ABOUT THIS TASK. Find the line containing "My favourite bits", then print it and each line after it through the end of the listing exactly, with no pictures.

SUPPLIED MATERIAL.
╭──
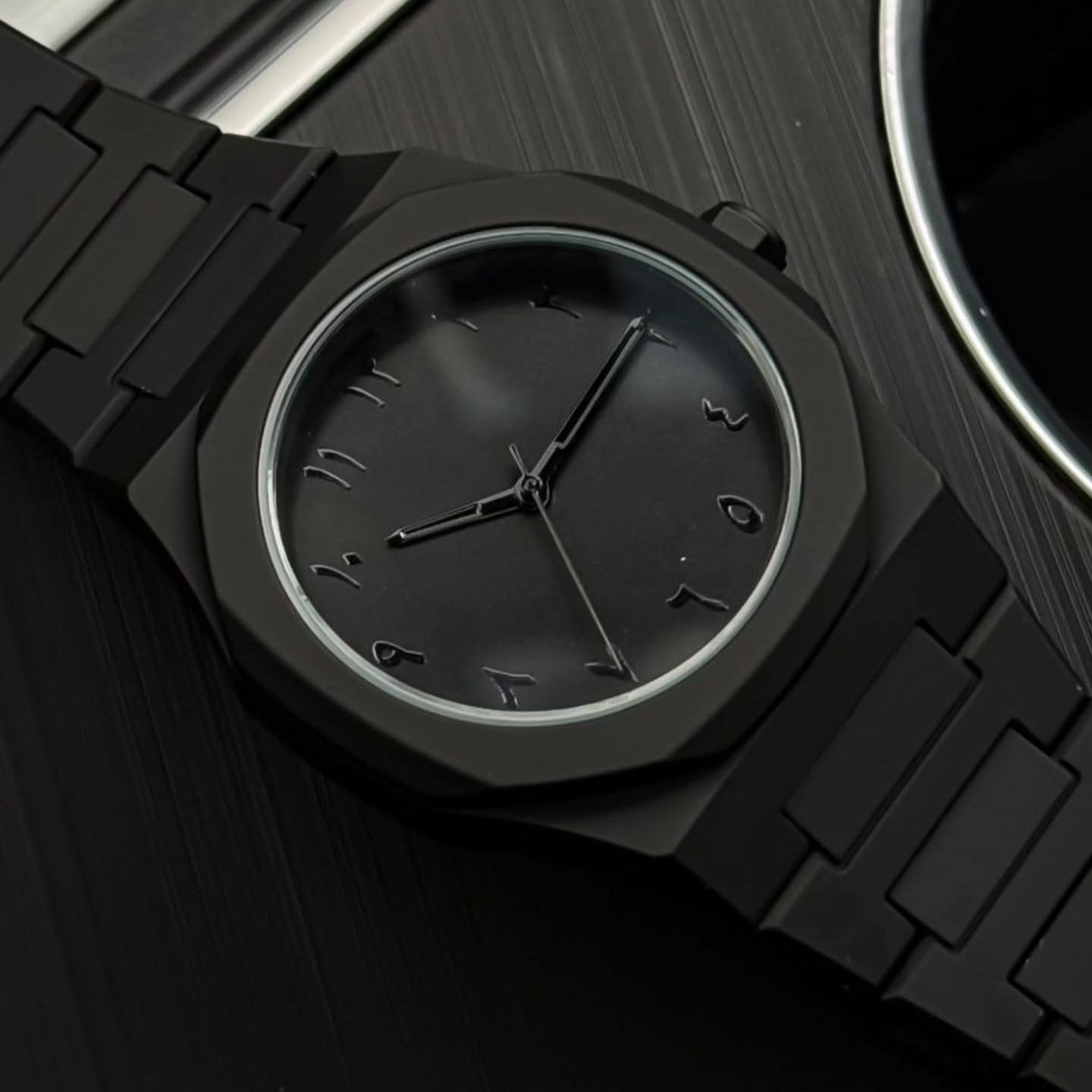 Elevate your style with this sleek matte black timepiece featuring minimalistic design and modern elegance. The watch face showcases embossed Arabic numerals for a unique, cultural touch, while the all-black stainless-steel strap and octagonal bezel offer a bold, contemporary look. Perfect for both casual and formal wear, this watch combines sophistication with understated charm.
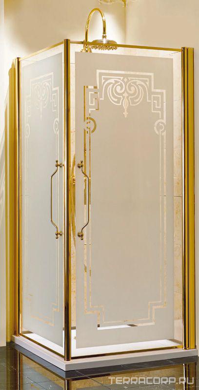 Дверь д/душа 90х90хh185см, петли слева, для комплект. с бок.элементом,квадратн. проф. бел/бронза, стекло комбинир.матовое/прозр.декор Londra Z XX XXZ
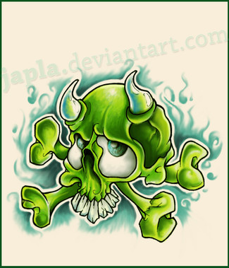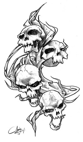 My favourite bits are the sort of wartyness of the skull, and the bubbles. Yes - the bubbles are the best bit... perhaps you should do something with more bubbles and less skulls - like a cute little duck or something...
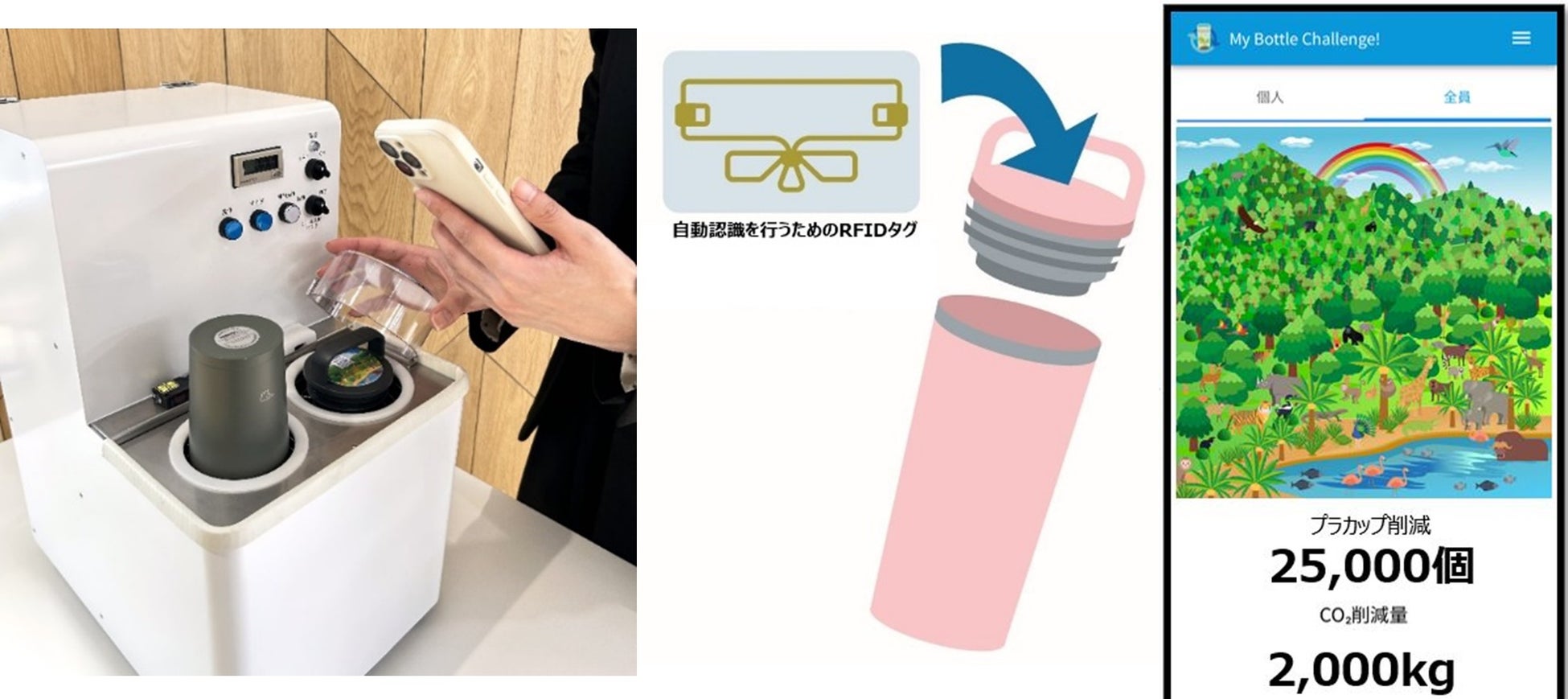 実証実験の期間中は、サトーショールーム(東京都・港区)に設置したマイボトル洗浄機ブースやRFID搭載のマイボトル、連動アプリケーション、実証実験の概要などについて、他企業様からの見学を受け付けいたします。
╰──
EXERCISE OUTPUT.
 My favourite bits are the sort of wartyness of the skull, and the bubbles. Yes - the bubbles are the best bit... perhaps you should do something with more bubbles and less skulls - like a cute little duck or something...
 実証実験の期間中は、サトーショールーム(東京都・港区)に設置したマイボトル洗浄機ブースやRFID搭載のマイボトル、連動アプリケーション、実証実験の概要などについて、他企業様からの見学を受け付けいたします。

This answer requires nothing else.